Blog: Lessons Learned from a User Study
After submitting a paper on a chatbot study to an HCI venue, I shared with rest of the research group some interesting findings from the paper and lessons learned from the project—or everything that was not fit to print, as I put it.
Here we include two specific examples.
Crowd workers: finding the right annotators with suitable screening questions.
As a validity check, we wanted to ensure that the chatbot deployed for the user study didn't spit out untruths and functioned as intended. Since it would be challenging to find domain experts on campus who would commit the time to annotate the data, we were interested in having crowd workers evaluate the quality of our chatbot's output. We identified existing literature on leveraging the wisdom of crowd (workers) to perform effective fact checking [1] [2] [3] and crafted our own annotation instruction accordingly.
To ensure that our annotators are knowledgeable about the topic, we included a six-item screening quiz before the main annotation task. Our internal testers could easily answer all six questions correctly, so we decided that the savvy annotators we hoped to recruit must have no trouble with it. But in the end, we were only able to recruit 22 qualified annotators—out of the 215 who met our filtering criteria and signed up for the task on Prolific. Although we were able to use the result to justify further data analysis and qualitative interviews, the smaller-than-expected pool of annotators who passed a short screening quiz represented neither a diverse crowd nor an expert group. In a future study, it may be better to either 1) reduce the difficulty of the screening quiz and loosen the inclusion criteria or 2) adopt a slightly more rigorous quiz to ensure that the annotators recruited are true experts. Of course, it would also help to keep the annotation task running for longer on Prolific to allow infrequent users to sign up.
Survey design: the wording of questions and response scales matter.
In the study, we sought to gauge our participants' affinity to political parties. A survey question was included for the participants to indicate the likelihood that they would vote for each of our parties of interest, both before and after our treatment. The responses helped us identify the party the party they are most closely aligned with and any changes in opinion. However, when we tried to decide whether an opinion change constituted an enforcement of a prior stance, the responses became less useful. Many participants gave all but one party a low rating close to the minimum of the scale, and it became difficult to decide whether a low rating indicated disagreement with the party's platform or the existence of an ideologically similar party that they would certainly vote for.
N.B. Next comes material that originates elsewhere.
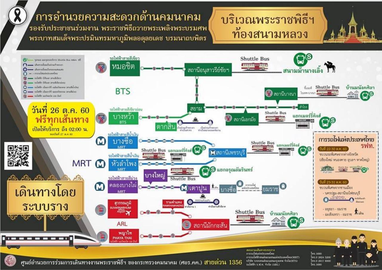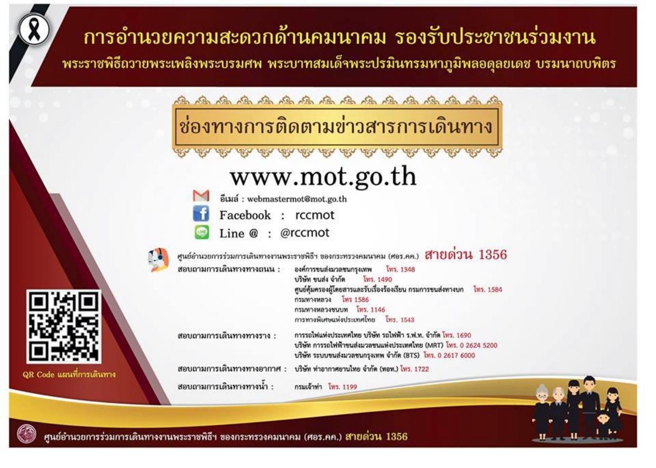 ที่มาภาพบางส่วน : ศูนย์อำนวยการเดินทางพระราชพิธีถวายพระเพลิงพระบรมศพฯ กระทรวงคมนาคม

If we were to design a similar survey again, we would ask the participants to indicate their level of agreement with a clearly labeled response scale (strongly disagree to strongly agree) to separate parties that are regarded highly and poorly by the respondents.
Key takeaways
The finer points of study design—whether in screening for crowd workers or phrasing survey questions—can greatly impact the quality of your data. Since re-running a user study can be prohibitively costly, it's essential to conduct trial runs and address potential issues upfront. Every small detail can shape the overall reliability and insightfulness of the study results.